Below are entries with pictures in them. Output exactly the lines starting at the line with "através das redes" and ending at the line with "截断昆仑云雨,高峡出平湖。龙", both included, but not the pictures.

__Information given__.
++++++++++

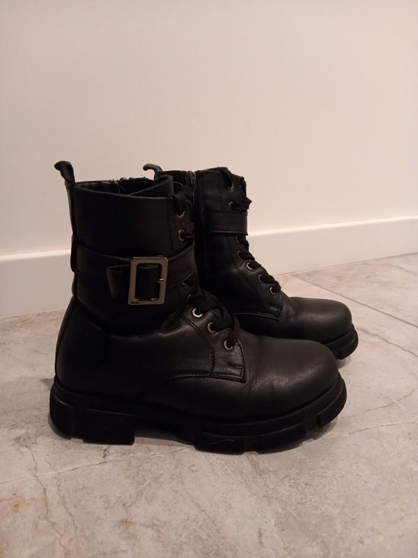 состояние хорошее. кожаные внутри овчины, теплы один замок слегка съедает.но закрывается отходил ребенок сезон размер 35
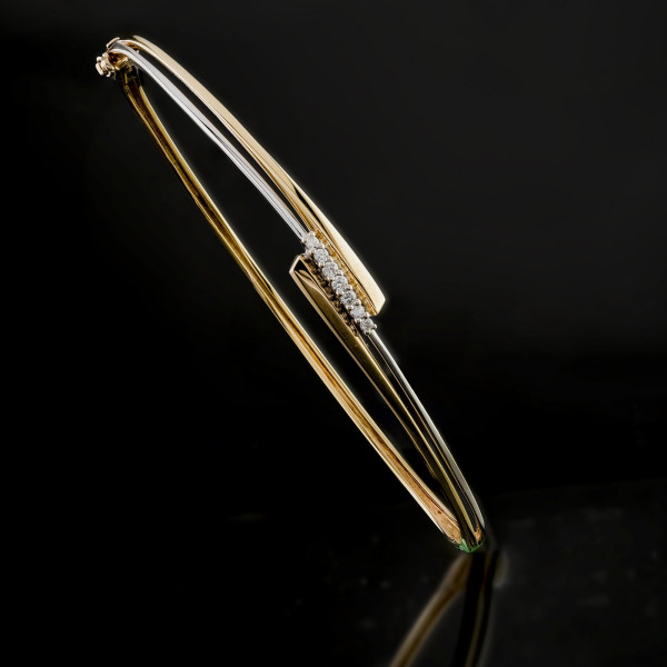 A charming little thing suitable for all occasions. Made of white and yellow gold, the band is delicately decorated with diamonds.
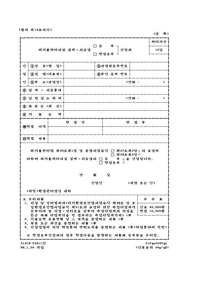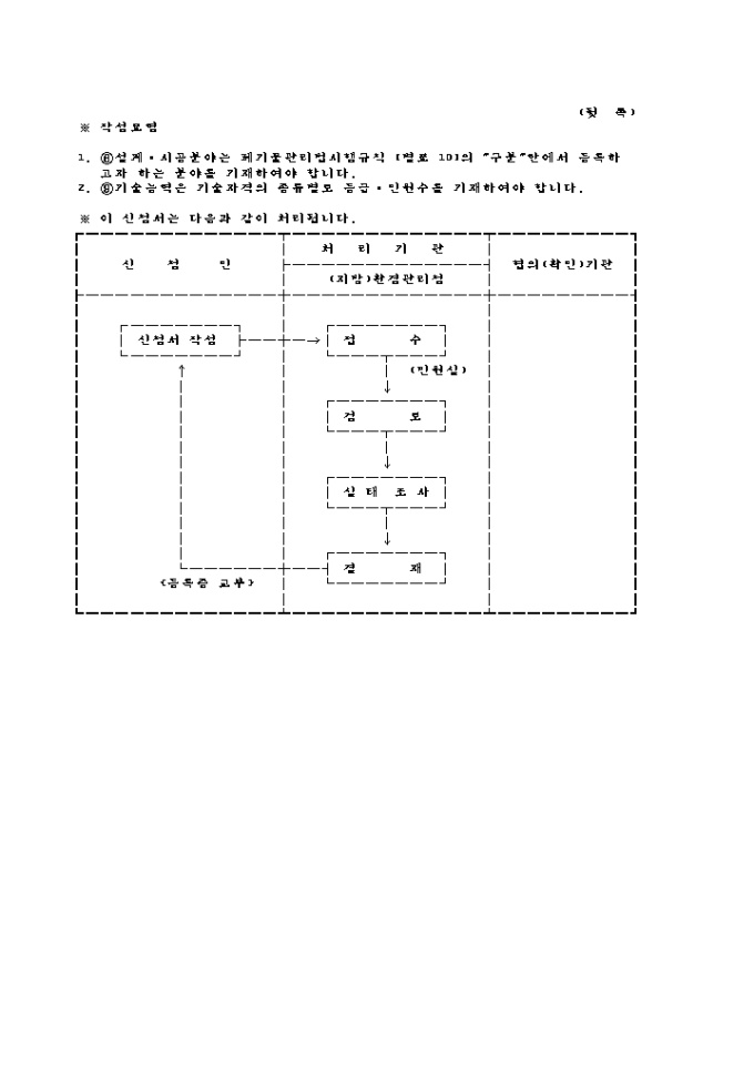 9,000원/월폐기물관리법 제33조제1항 및 동법시행규칙 (□ 제27조제2항□ 제28조제2항)의 규정에 의하여 폐기물처리시설 설계.시공업의 (□ 등록 □ 변경등록)을 신청을 신청할 때 사용하는 "폐기물 처리 시설설계·시공업 (등록,변경등록)신청서" 양식입니다.
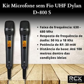 Kit microfone sem fio uhf dylan d-800 s kit microfone sem fio uhf dylan d-8000 s
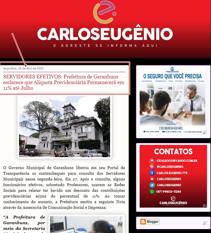 através das redes sociais e registrou em Nota publicada no Blog do Carlos Eugênio
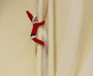 Nasze Elfy dzisiaj nie napsociły za wiele, bo jeden z nich - Psotnik, zmęczył się wczorajszymi figlami i urządził sobie sypialnię w pudełku z chusteczkami. Za to Rozrabiaczek pełen zapału postanowił wspiąć się na karnisz, ale na szczęście zdążyliśmy go powstrzymać. Nie wiadomo co by wymyślił będąc tak wysoko....
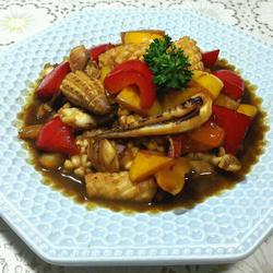 | Squid ( 1 ) | Red and yellow peppers ( appropriate amount ) |
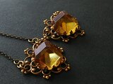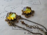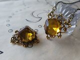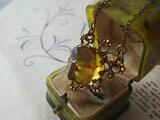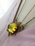 ヴィンテージ トパース色・美しい変形Hexagon / Floralデザインネックレス
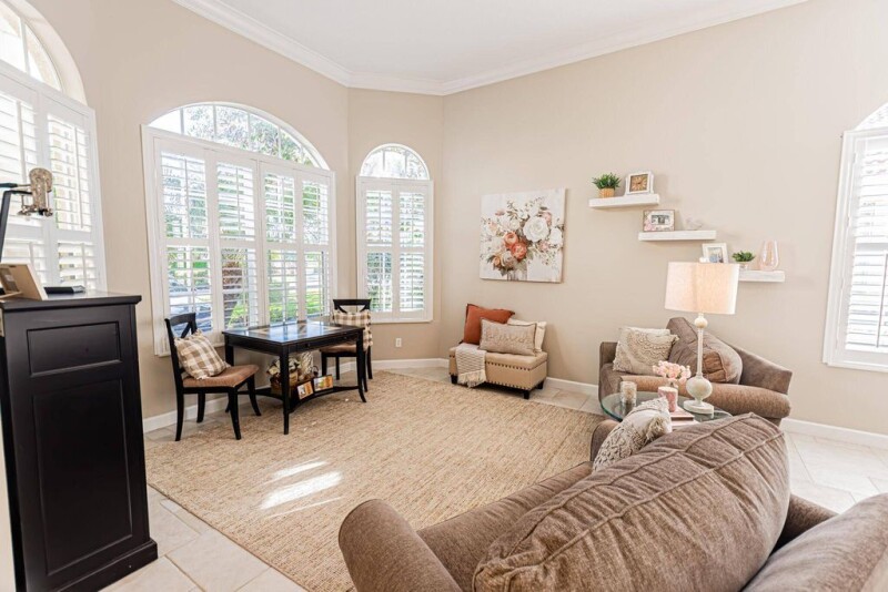 Luxury Living in PGA Village! This impressive two-story, 4/4 pool home with an office is situated on the 14th hole of the Wannamaker Course. Main level boasts an open-concept design with crown molding, separate family, living, & dining room, breakfast nook, & spacious primary suite. The kitchen features granite countertops, stainless steel appliances, and 42'' cabinetry. Tile and wood flooring flow throughout the home, complemented by plantation shutters. A double-door office provides a private workspace on main floor. Upstairs, features 2 spacious bedrooms, bathroom, & large bonus room with a walk-in closet, en-suite bath, and private balcony. Step outside to a beautifully designed screened-in pool & covered lanai. The home includes an oversized driveway & side-entry garage. HOA dues.
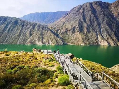 截断昆仑云雨,高峡出平湖。龙羊峡水电站就修建在龙羊大峡谷西端的入口处,它雄伟的坝体,横跨起伏险峻的查纳山和连绵不断的贵南莽原,如一座永不冲破的水泥钢铁长城。龙羊峡水电站坝长1.226公里,坝高178米,相当于60层楼的高度,蓄水库区形成一个面积为383平方公里的巨大人工湖泊。它与以险、奇、幽、深为特色的高原古水道和粗犷苍茫的丹霞土林地质地貌一起成为一道气势磅礴,碧波万顷的独特风景,令世界瞩目,游人止步。
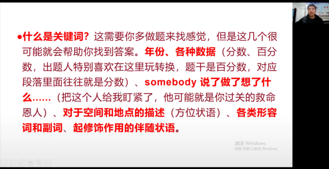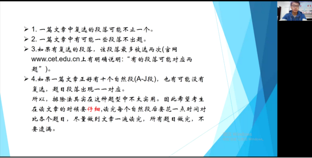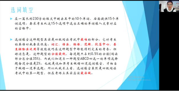 略读细品,针对阅读。邹佳宇同学主要分享英语四级中段落匹配题型的应考技巧、单词积累的重要性,并且根据题型的特殊性提出“关键词”技巧,通过关键词定位法,能大大提高做题效率。
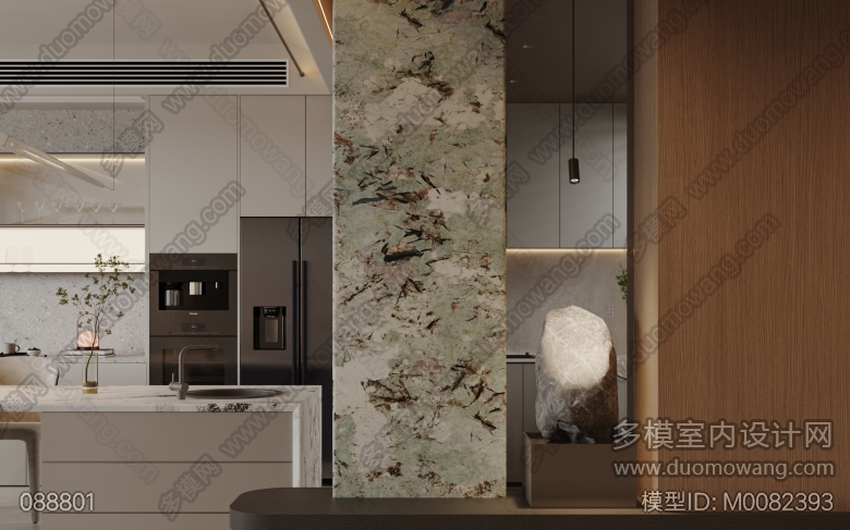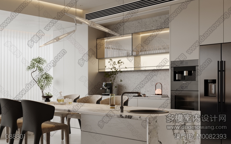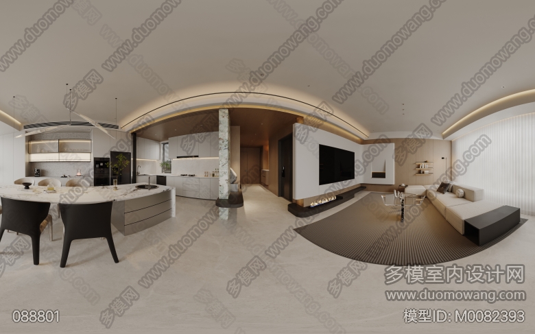 龙湖光年A6上叠现代风格客餐厅带开放式厨房一个全景加2特写 ID:M0082393

++++++++++

__Written solution__.
 através das redes sociais e registrou em Nota publicada no Blog do Carlos Eugênio
 Nasze Elfy dzisiaj nie napsociły za wiele, bo jeden z nich - Psotnik, zmęczył się wczorajszymi figlami i urządził sobie sypialnię w pudełku z chusteczkami. Za to Rozrabiaczek pełen zapału postanowił wspiąć się na karnisz, ale na szczęście zdążyliśmy go powstrzymać. Nie wiadomo co by wymyślił będąc tak wysoko....
 | Squid ( 1 ) | Red and yellow peppers ( appropriate amount ) |
 ヴィンテージ トパース色・美しい変形Hexagon / Floralデザインネックレス
 Luxury Living in PGA Village! This impressive two-story, 4/4 pool home with an office is situated on the 14th hole of the Wannamaker Course. Main level boasts an open-concept design with crown molding, separate family, living, & dining room, breakfast nook, & spacious primary suite. The kitchen features granite countertops, stainless steel appliances, and 42'' cabinetry. Tile and wood flooring flow throughout the home, complemented by plantation shutters. A double-door office provides a private workspace on main floor. Upstairs, features 2 spacious bedrooms, bathroom, & large bonus room with a walk-in closet, en-suite bath, and private balcony. Step outside to a beautifully designed screened-in pool & covered lanai. The home includes an oversized driveway & side-entry garage. HOA dues.
 截断昆仑云雨,高峡出平湖。龙羊峡水电站就修建在龙羊大峡谷西端的入口处,它雄伟的坝体,横跨起伏险峻的查纳山和连绵不断的贵南莽原,如一座永不冲破的水泥钢铁长城。龙羊峡水电站坝长1.226公里,坝高178米,相当于60层楼的高度,蓄水库区形成一个面积为383平方公里的巨大人工湖泊。它与以险、奇、幽、深为特色的高原古水道和粗犷苍茫的丹霞土林地质地貌一起成为一道气势磅礴,碧波万顷的独特风景,令世界瞩目,游人止步。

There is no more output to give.